The limit of isosceles triangulation, then, is such that the number of diagonals does not exceed more than half of n.

```
n / 2 >= (n - 3)
n >= 2n - 6
-n >= -6
n <= 6
```
Isosceles triangulation, then, only works for n = 4, 5, and 6.

…Except that's not true. Nvm this whole post.

[jna]

Homework?

[shrig94]

nah, competitive math fun.
@♪♫♪:

> To create an isosceles triangle, you need two sides of equal length and a base of any length. When triangulating a regular n-gon, you make (n - 2) triangles. These triangles will be isosceles only under two conditions:
>
> -The triangle uses two sides of the polygon as legs, and the diagonal as a base.
> -The triangle uses two diagonals as legs, and a side as a base.
>
> The limit of isosceles triangulation, then, is such that the number of diagonals does not exceed more than half of n.
>
> ```
> n / 2 >= (n - 3)
> n >= 2n - 6
> -n >= -6
> n <= 6
> ```
> Isosceles triangulation, then, only works for n = 4, 5, and 6.
>
> …Except that's not true. Nvm this whole post.

Its a proof.
I lol'ed.

[DrNova]

D) All of the above

[shrig94]

@DrNova:

> D) All of the above

For some reason I thought someone would say that, except with an E instead of D.

[DrNova]

E=None of the above, which is the wrong awnser

[shrig94]

Actually, none of the above posts had the correct answer, therefore, E is the correct answer.

I actually had to do this problem.

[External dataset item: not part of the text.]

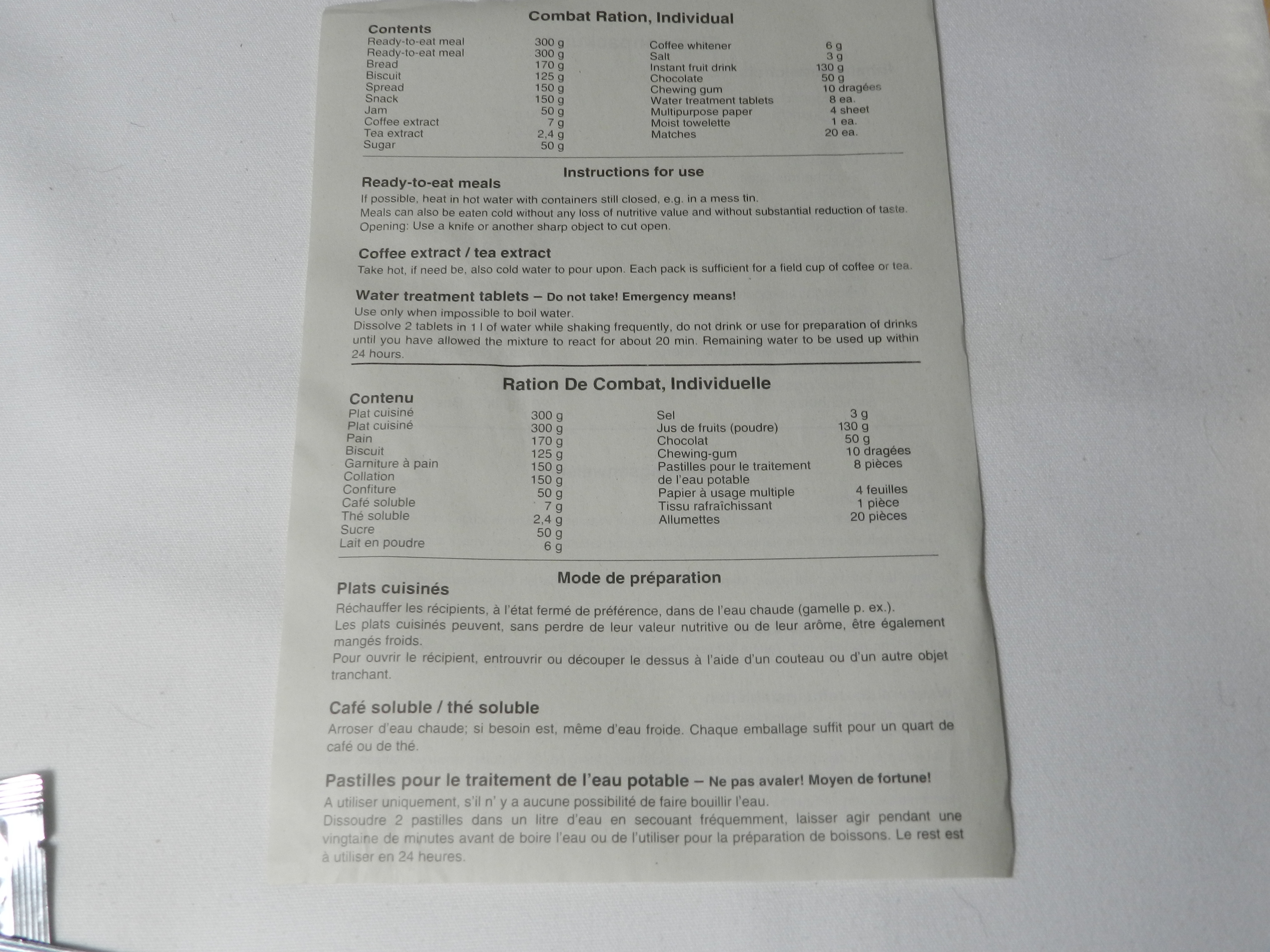 Reviews of rations from abroad - British ration packs, EPA, IMP, RCIR, etc.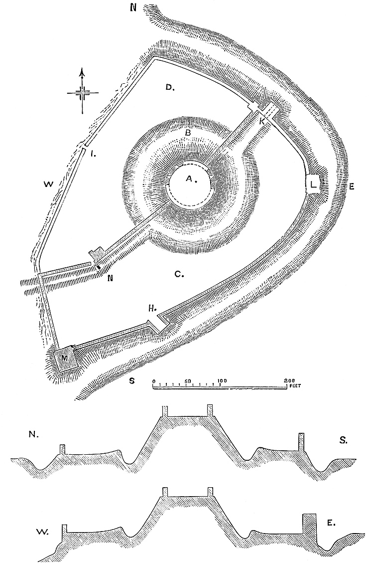It is evident that the earliest fortress was confined to the mound and the small area immediately attached to it, but that the defences of the outer area were speedily added to provide space for flocks, herds, and herdsmen, and a sufficient garrison. The defences, in so thickly wooded a country, would probably be of timber.

It was an easy visualization, but it is hard to prove in such a way that you can get 10 marks.

[DrNova]

You lie.

[shrig94]

lolwut

Well, lets see, I know that any polygon has n-3 diagonals that do not touch (according to the proof).

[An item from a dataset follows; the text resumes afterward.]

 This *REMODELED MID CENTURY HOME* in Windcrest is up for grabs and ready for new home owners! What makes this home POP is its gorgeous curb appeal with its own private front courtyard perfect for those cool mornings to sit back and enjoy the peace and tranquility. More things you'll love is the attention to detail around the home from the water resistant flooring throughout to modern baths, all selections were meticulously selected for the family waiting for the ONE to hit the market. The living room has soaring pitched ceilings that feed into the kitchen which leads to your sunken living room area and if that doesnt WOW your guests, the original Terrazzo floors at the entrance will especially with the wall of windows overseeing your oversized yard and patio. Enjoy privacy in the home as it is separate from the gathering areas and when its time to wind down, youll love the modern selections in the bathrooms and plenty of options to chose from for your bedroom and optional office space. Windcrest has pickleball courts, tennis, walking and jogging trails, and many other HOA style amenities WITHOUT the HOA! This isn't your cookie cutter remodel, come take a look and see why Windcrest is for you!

Also, according to the proof, n-2 triangles should appear.

It is just a continuing pattern.

But it is hard to prove in words.


[balliztik1]

But you said isosceles. That third one isn't isosceles. Lemme draw something real quick.

And I think I can prove the numeric bits.

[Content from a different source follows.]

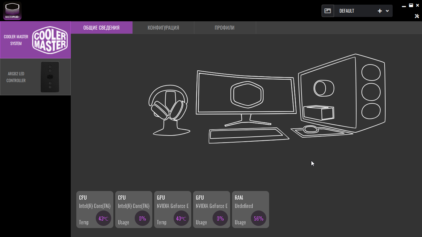 Управлять подсветкой подключенных к контроллеру устройств можно тремя способами: от портов RGB или ARGB на материнской плате, кнопками — на самом контроллере и/или кнопкой Reset (проходное подключение к кнопке на корпусе ПК), а также с помощью ПО Cooler Master MasterPlus (для ПК под Windows). В последнем случае контроллер нужно подключить к USB-порту (к обычному типа A или к колодке на материнской плате). Кнопками на контроллере выбирается режим подсветки, цвет (если применимо) и скорость переключения эффектов (тоже если применимо). Кнопкой Reset можно переключать режимы подсветки, это удобно, если контроллер находится в закрытом корпусе, а другие варианты управления подсветкой недоступны. Краткое нажатие на Reset переключает режимы, а длительное удерживание перезагружает компьютер. Отключение питания не сбрасывает выбранный режим. Режимы подсветки в случае их перебора кнопкой демонстрирует видеоролик ниже: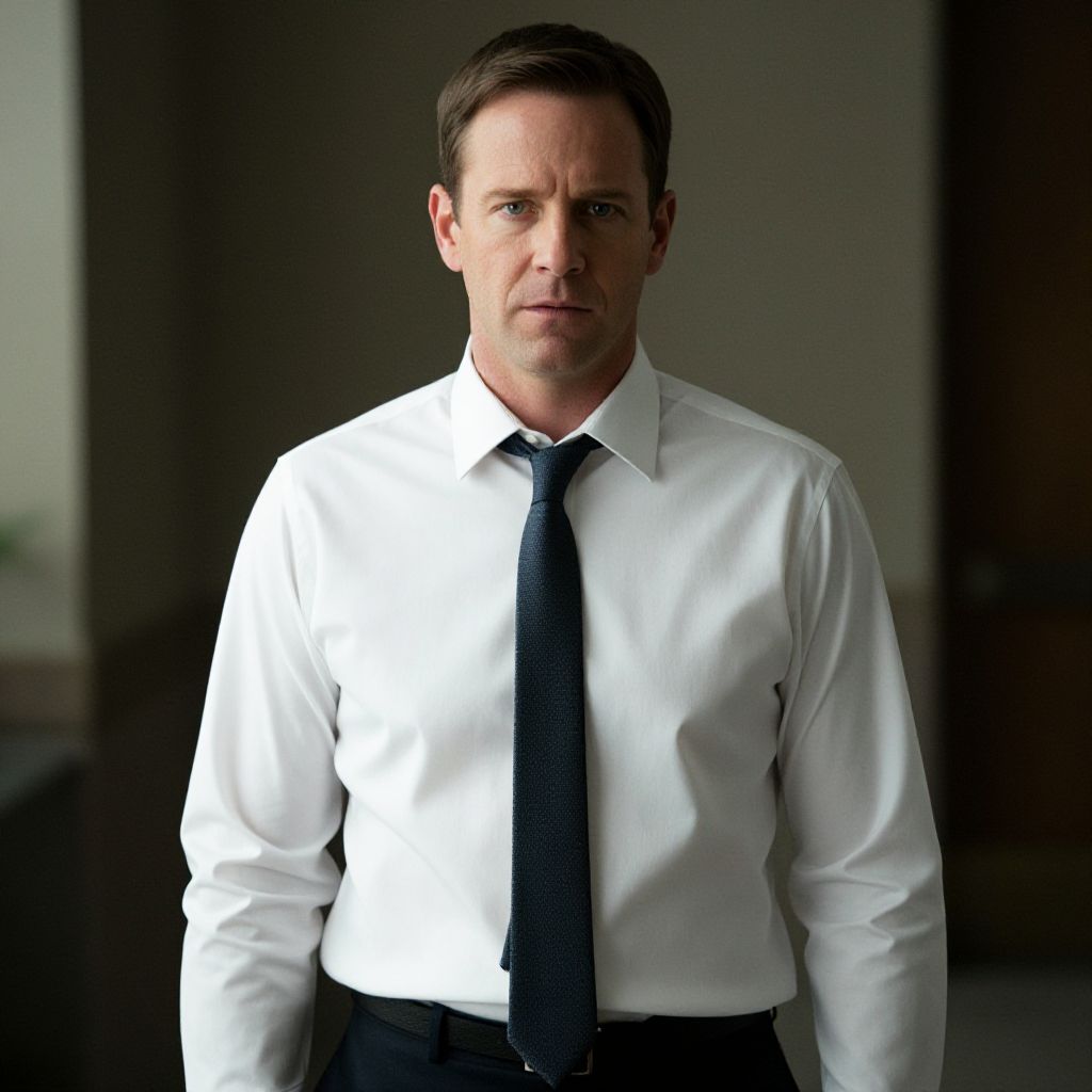 Photograph of a serious, handsome man with short brown hair, wearing a black dress shirt and gray checkered blazer, holding a gun, standing

[](http://www.freemmorpgmaker.com/files/imagehost/#3e7b349a7183383d862eb90cb8ff13e7.png)

It works for many values. There are few where it doesn't work. If you have a shape of n-sides, draw diagonals as I have done, such that you skip only one vertex when creating it. If n is even, you create a shape of n / 2 in the center of the larger shape. If n is odd, you create a shape of (n + 1) / 2 in the center of the larger shape. If n is odd, the sides of that interior shape are not all equal. If it is even, then they are. Using recursion, you just whittle away at the number of remaining sides until you have just 3 left. There's just one "trap" in this recursive statement, that I've found: If n is odd, and (n + 1) / 2 is even, then isosceles triangulation is impossible.

Here's a little code I worked up to do it.

```
Private Sub Form_Load()
Dim x As Integer, n As Integer, bool As Boolean
For n = 4 To 10000
    x = n
    Do
        If x = 2 Or x = 3 Or x = 5 Then
            bool = True
            Exit Do
        End If
        If x  2 = x / 2 Then
            x = x / 2
        Else
            x = (x + 1) / 2
            If x  2 = x / 2 Then
                bool = False
                Exit Do
            End If
        End If
    Loop
    Text2.text = Text2.text + CStr(n) + " " + CStr(bool) + vbNewLine
Next
End Sub
```
http://www.freemmorpgmaker.com/files/imagehost/pics/ea7594f48c9c47ed32abba75d813da0f.txt

Text file of first 5563 (Textbox overloaded after that. xD)

As for why this works, it has been proven that the sum of the angles of an n-gon is (n - 2) * 180\. Since a triangle is 180 degrees, you would therefore have (n - 2) triangles within a given shape.

To prove the number of diagonals is simple. When you create a diagonal in the optimal way, you are skipping one vertex. What this leaves is an isosceles triangle, of course. That triangle's legs are the sides of the n-gon. The triangle's base, though, is on the interior. There's one less base than sides used forming the triangle, so you effectively get a new interior shape with (n - 1) sides. A triangle has 3 sides and no non-adjacent vertices. Therefore, 3 is the last value you can have. You effectively subtract 1 x times until you get to 3.

```
n - (1 * x) = 3
```
Reorganizing the equation, you get this:

```
n - 3 = 1 * x
n - 3 = x

```
X, the number of diagonals, must therefore be (n - 3).